(Dataset records)

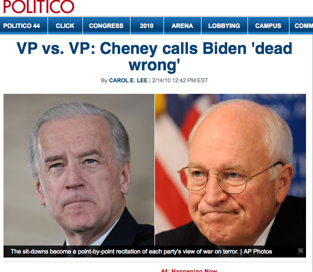 Susie Madrak Sunday Feb 14, 2010 10:00amIn the politest possible way, Joe Biden tells David Gregory on "Meet the Press" that Dick Cheney is a lying bag of dog doo in his attacks on how the Obama administration is handling terrorism. Cheney appeared this morning on "This Week", clearly laying the groundwork to blame the Obama administration in the case of another terrorist attack. Why do I get the feeling he's actually rooting for one?
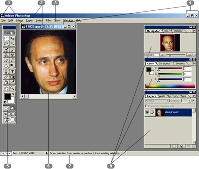 В этом разделе мы рассмотрим пользовательский интерфейс графической программы Adobe Photoshop. На рис.1 представлено окно программы при загрузке в нее графического документа с растровым изображением. Как и в любой другой графической или издательской программе, работающей в операционной среде Windows, здесь имеется стандартный набор элементов, характерных для данной операционной системы. Это – системные меню программы и документа, заголовки программы и документа, строка состояния и основное меню программы, а также системные кнопки Свернуть, Восстановить/Развернуть и Закрыть.
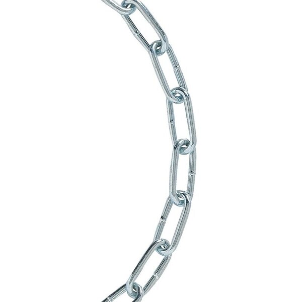 Straight Link Chain, No 2, 125 ft L, 310 lb Working Load, Carbon Steel, Electro Galvanized/Zinc
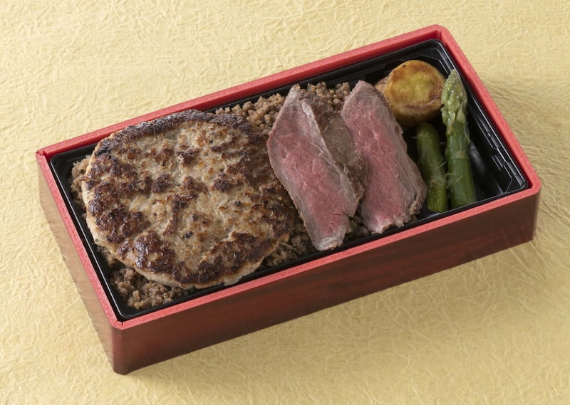「八軒苑」の「北海道産牛ヒレステーキ×肉問屋のハンバーグ弁当」※実演
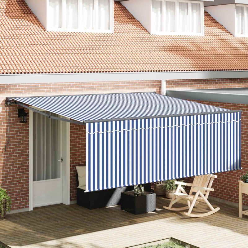 Този модерен прибираем сенник е с размери 400 x 300 см, което го прави идеален за вашите outdoor пространства. Елегантният му дизайн е перфектен за всяка градина или тераса, предлагайки практично укритие от слънце и дъжд. Чистите линии и минимализмът му го правят чудесно допълнение към всякакъв стил на открито. Устойчиви материали: Изработен от полиестер и алуминий, този сенник не избледнява. Силната алуминиева рамка осигурява необходимата стабилност, а полиестерната тъкан гарантира дълготрайна използваемост дори в лошо време. Напреднали функции: С дистанционното управление, контролът е лесен. Прибираемият дизайн позволява бързо отваряне и затваряне, идеалният начин да регулирате сянката си без усилие. Защита от времето: Изработен, за да устои на различни метеорологични условия, включително UV лъчи, този сенник осигурява непрекъсната защита както за мебелите, така и за обитателите. Въпреки това, тъканта запазва цвета си и не се поврежда с времето. Многофункционални приложения: Отличен за всякакви outdoor събирания или индивидуална почивка, този прибираем сенник е достатъчно гъвкав, за да се адаптира към всякакви условия, независимо дали организирате барбекю, или просто четете на спокойствие. Лесна поддръжка: Изисква минимална поддръжка — просто избършете с кърпа и поддържайте механичните части. Уверете се, че го прибирате при силни ветрове или сняг, за да удължите живота му. Опасност! Силен отскок при отваряне. НЕ сваляйте това въже, освен ако не сте приключили с всички стъпки на сглобяване. Всички болтове трябва да са затегнати и елементът да е прикрепен към стената! Предупреждение! Внимавайте, когато разхлабвате рамената, защото те са под напрежение! Внезапното освобождаване на рамо на сгъваема тента може да причини нараняване. Внимание: Инструкциите за ползване трябва да бъдат прочетени преди употребата на продукта. Предупреждение: Работата в студени условия може да повреди продукта. Външна употреба в сгради и други строителни обекти. Не позволявайте на деца да си играят с управляващото устройство на щората. Дръжте дистанционното управление далеч от деца. Децата трябва да бъдат наблюдавани, за да се гарантира, че не играят с уреда. Пазете децата далеч от зоната за сглобяване. Внимание: Прочетете внимателно инструкциите преди употреба и ги запазете за по-нататъшни справки.
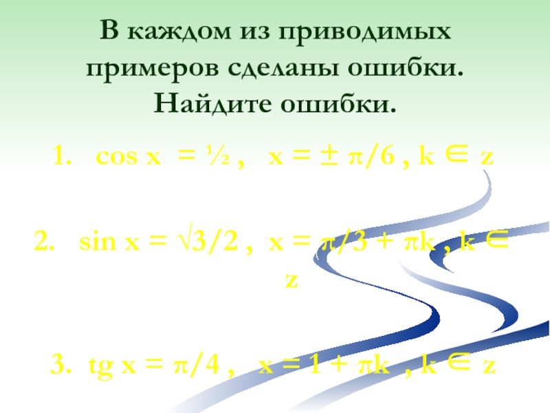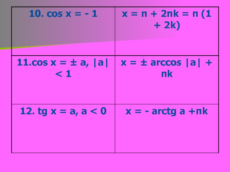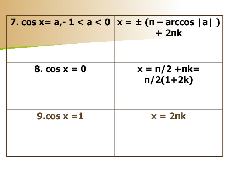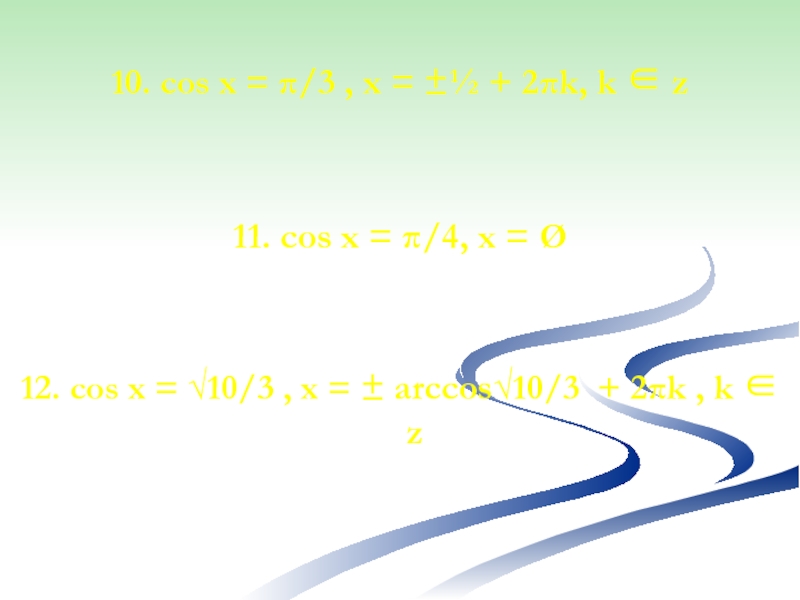 Слайд 2410. cos x = π/3 , x = ±½ + 2πk,
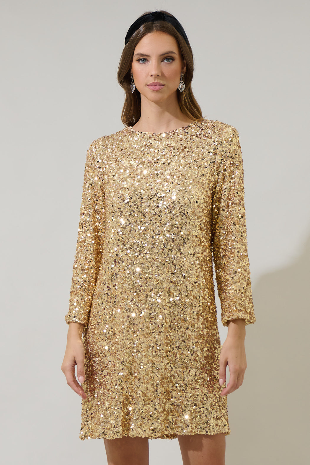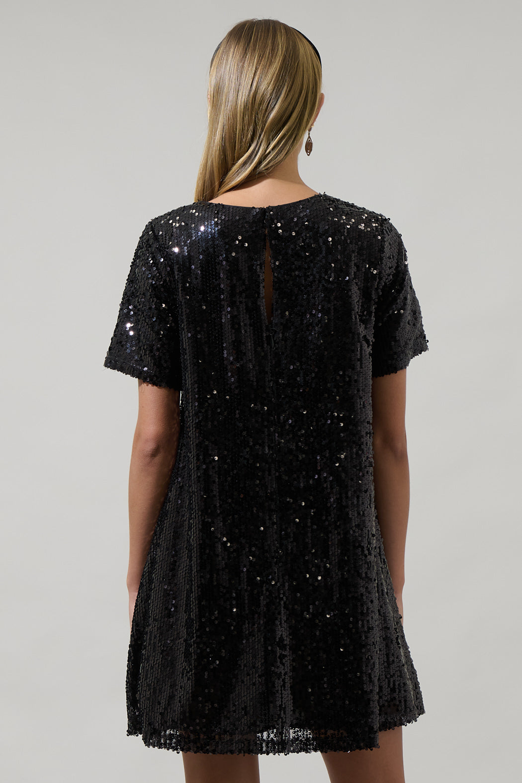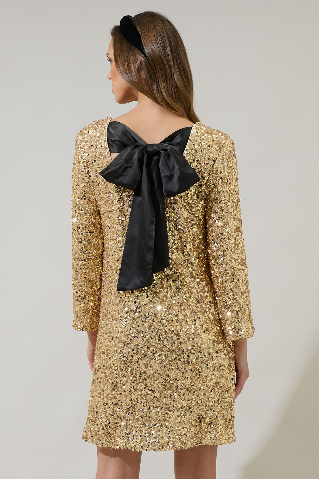 Leslie Sequin Nova Back Bow Tie Mini Dress
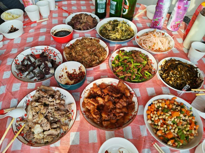 忙活了一上午,紅白相間的桌布上各類菜品早已擺得滿滿當當,除了位居主位的殺豬菜,還多了許多“衍生作品”:醬燜肉、汆白肉、蒜苔炒肉、酸菜炒肉、涼拌豬肝、豬血腸、涼拌海帶條、芥菜絲……圍坐一圈的不止家人,還有左鄰右舍。無需主人過多招呼,筷子便紛紛探向鍋中。窗外寒風漸歇,霧氣也被陽光驅散,而在溫暖的屋子里,鍋氣蒸騰,模糊了窗上的冰花,也潤濕了每一雙帶著笑意的眼睛。這不僅僅是一頓飯,更是鄉(xiāng)里鄉(xiāng)親們對生活最熱烈的擁抱?! ?/p>
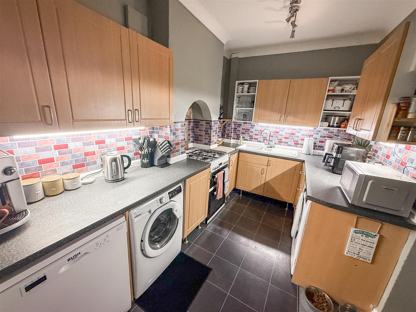 Fitted with a range of Beech effect laminated panelled fronted units. Laminated rolled edge work services with cupboards, drawers & storage space under. Range of matching wall mounted cabinets. Inset one and half bowl ceramic sink unit with mixer taps. Cooker space. Space & plumbing for washing machine, dishwasher and tumble dryer. Tiled splashbacks. Tile effect flooring. Archway and open access to Dining Room.
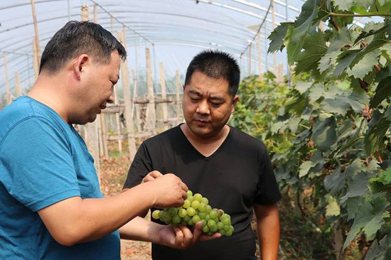 “2016年我們財政局出資13萬元,幫村民建了這個15畝的葡萄園,由30戶貧困戶做股東,孫東獻懂葡萄種植技術(shù)由孫東獻來管理,每年帶動近十戶貧困戶來葡萄園打工,每戶凈收入4000多元,加上出售葡萄的分紅,每戶凈收入提高到近5000元。并且這是個可持續(xù)發(fā)展的項目?!瘪v村書記侯俊昌介紹說。
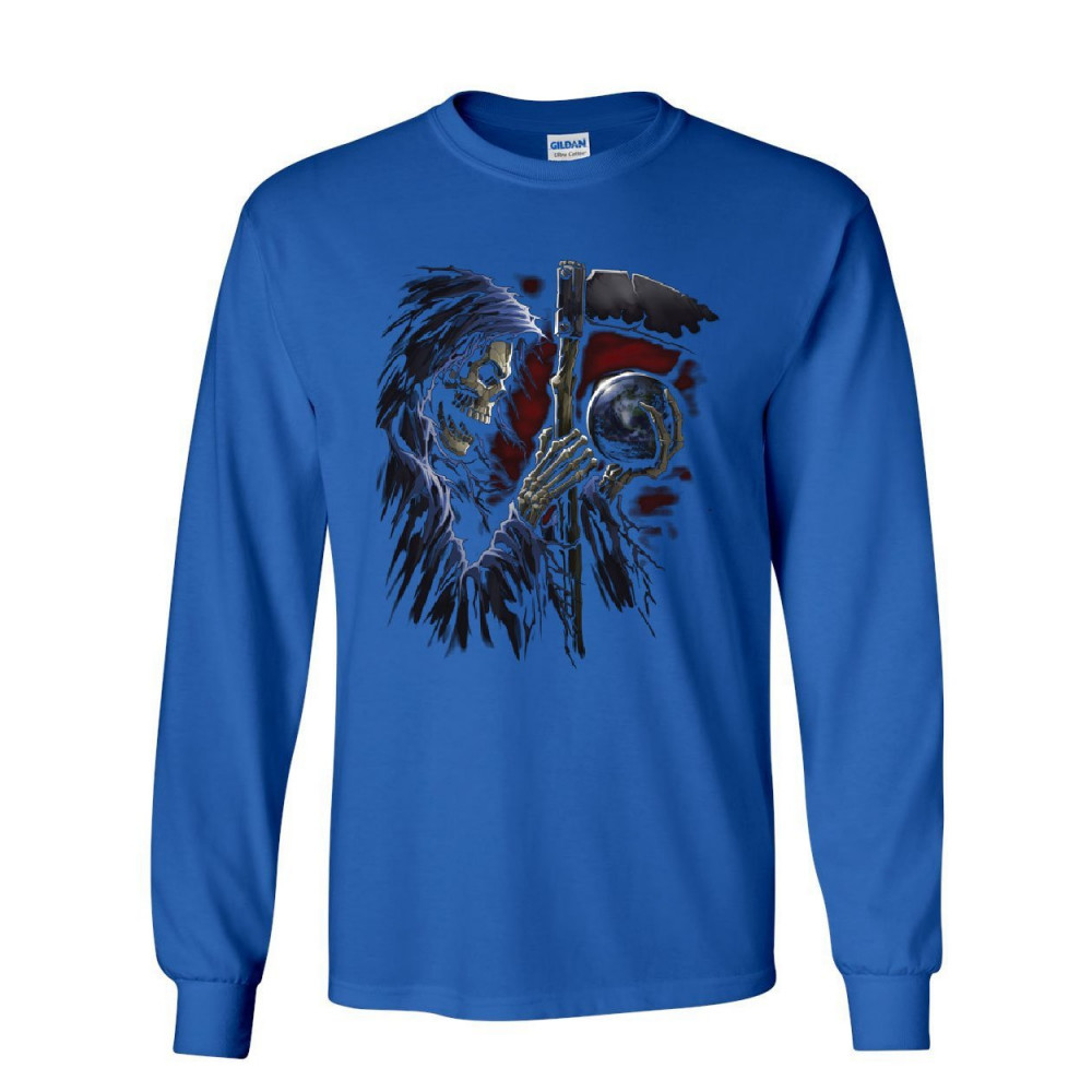 REAPER SPHERE SCYTHE long sleeve t-shirt death skull creepy scary monster tee royal blue
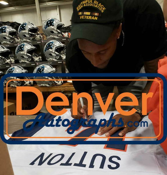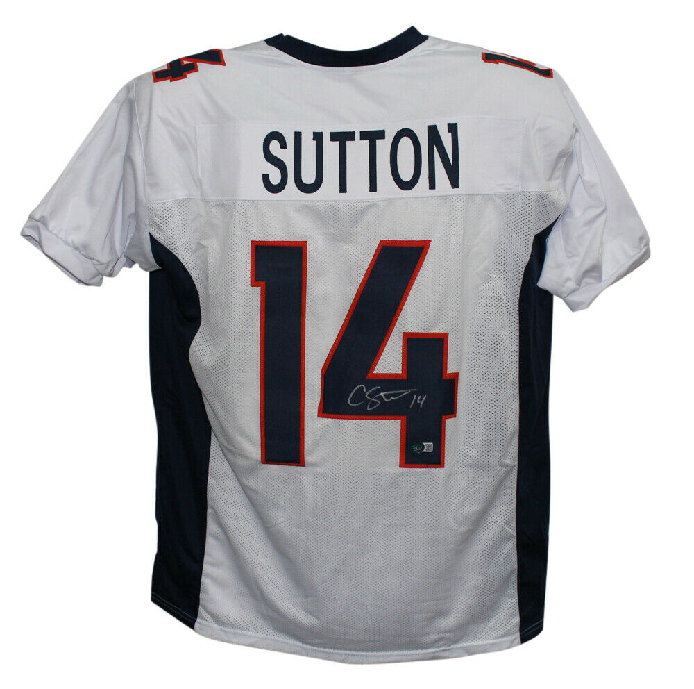 Courtland Sutton Autographed/Signed Pro Style White XL Jersey Beckett 34006 The number in the listing title is just an inventory sku for our records and is not the authentication number. This is a custom pro style white XL jersey with sewn on name and numbers that was personally autographed by Courtland Sutton. Includes a certificate of authenticity from Beckett Authentication Services (BAS) and Denver Autographs.

*WHAT TO DO*
Repeat the entries word for word and skip the pictures.

*SOLUTION FOR THIS PROBLEM*
 Susie Madrak Sunday Feb 14, 2010 10:00amIn the politest possible way, Joe Biden tells David Gregory on "Meet the Press" that Dick Cheney is a lying bag of dog doo in his attacks on how the Obama administration is handling terrorism. Cheney appeared this morning on "This Week", clearly laying the groundwork to blame the Obama administration in the case of another terrorist attack. Why do I get the feeling he's actually rooting for one?
 В этом разделе мы рассмотрим пользовательский интерфейс графической программы Adobe Photoshop. На рис.1 представлено окно программы при загрузке в нее графического документа с растровым изображением. Как и в любой другой графической или издательской программе, работающей в операционной среде Windows, здесь имеется стандартный набор элементов, характерных для данной операционной системы. Это – системные меню программы и документа, заголовки программы и документа, строка состояния и основное меню программы, а также системные кнопки Свернуть, Восстановить/Развернуть и Закрыть.
 Straight Link Chain, No 2, 125 ft L, 310 lb Working Load, Carbon Steel, Electro Galvanized/Zinc
「八軒苑」の「北海道産牛ヒレステーキ×肉問屋のハンバーグ弁当」※実演
 Този модерен прибираем сенник е с размери 400 x 300 см, което го прави идеален за вашите outdoor пространства. Елегантният му дизайн е перфектен за всяка градина или тераса, предлагайки практично укритие от слънце и дъжд. Чистите линии и минимализмът му го правят чудесно допълнение към всякакъв стил на открито. Устойчиви материали: Изработен от полиестер и алуминий, този сенник не избледнява. Силната алуминиева рамка осигурява необходимата стабилност, а полиестерната тъкан гарантира дълготрайна използваемост дори в лошо време. Напреднали функции: С дистанционното управление, контролът е лесен. Прибираемият дизайн позволява бързо отваряне и затваряне, идеалният начин да регулирате сянката си без усилие. Защита от времето: Изработен, за да устои на различни метеорологични условия, включително UV лъчи, този сенник осигурява непрекъсната защита както за мебелите, така и за обитателите. Въпреки това, тъканта запазва цвета си и не се поврежда с времето. Многофункционални приложения: Отличен за всякакви outdoor събирания или индивидуална почивка, този прибираем сенник е достатъчно гъвкав, за да се адаптира към всякакви условия, независимо дали организирате барбекю, или просто четете на спокойствие. Лесна поддръжка: Изисква минимална поддръжка — просто избършете с кърпа и поддържайте механичните части. Уверете се, че го прибирате при силни ветрове или сняг, за да удължите живота му. Опасност! Силен отскок при отваряне. НЕ сваляйте това въже, освен ако не сте приключили с всички стъпки на сглобяване. Всички болтове трябва да са затегнати и елементът да е прикрепен към стената! Предупреждение! Внимавайте, когато разхлабвате рамената, защото те са под напрежение! Внезапното освобождаване на рамо на сгъваема тента може да причини нараняване. Внимание: Инструкциите за ползване трябва да бъдат прочетени преди употребата на продукта. Предупреждение: Работата в студени условия може да повреди продукта. Външна употреба в сгради и други строителни обекти. Не позволявайте на деца да си играят с управляващото устройство на щората. Дръжте дистанционното управление далеч от деца. Децата трябва да бъдат наблюдавани, за да се гарантира, че не играят с уреда. Пазете децата далеч от зоната за сглобяване. Внимание: Прочетете внимателно инструкциите преди употреба и ги запазете за по-нататъшни справки.
 Слайд 2410. cos x = π/3 , x = ±½ + 2πk,
 Leslie Sequin Nova Back Bow Tie Mini Dress
 忙活了一上午,紅白相間的桌布上各類菜品早已擺得滿滿當當,除了位居主位的殺豬菜,還多了許多“衍生作品”:醬燜肉、汆白肉、蒜苔炒肉、酸菜炒肉、涼拌豬肝、豬血腸、涼拌海帶條、芥菜絲……圍坐一圈的不止家人,還有左鄰右舍。無需主人過多招呼,筷子便紛紛探向鍋中。窗外寒風漸歇,霧氣也被陽光驅散,而在溫暖的屋子里,鍋氣蒸騰,模糊了窗上的冰花,也潤濕了每一雙帶著笑意的眼睛。這不僅僅是一頓飯,更是鄉(xiāng)里鄉(xiāng)親們對生活最熱烈的擁抱?! ?/p>
 Fitted with a range of Beech effect laminated panelled fronted units. Laminated rolled edge work services with cupboards, drawers & storage space under. Range of matching wall mounted cabinets. Inset one and half bowl ceramic sink unit with mixer taps. Cooker space. Space & plumbing for washing machine, dishwasher and tumble dryer. Tiled splashbacks. Tile effect flooring. Archway and open access to Dining Room.
 “2016年我們財政局出資13萬元,幫村民建了這個15畝的葡萄園,由30戶貧困戶做股東,孫東獻懂葡萄種植技術(shù)由孫東獻來管理,每年帶動近十戶貧困戶來葡萄園打工,每戶凈收入4000多元,加上出售葡萄的分紅,每戶凈收入提高到近5000元。并且這是個可持續(xù)發(fā)展的項目?!瘪v村書記侯俊昌介紹說。
 REAPER SPHERE SCYTHE long sleeve t-shirt death skull creepy scary monster tee royal blue
 Courtland Sutton Autographed/Signed Pro Style White XL Jersey Beckett 34006 The number in the listing title is just an inventory sku for our records and is not the authentication number. This is a custom pro style white XL jersey with sewn on name and numbers that was personally autographed by Courtland Sutton. Includes a certificate of authenticity from Beckett Authentication Services (BAS) and Denver Autographs.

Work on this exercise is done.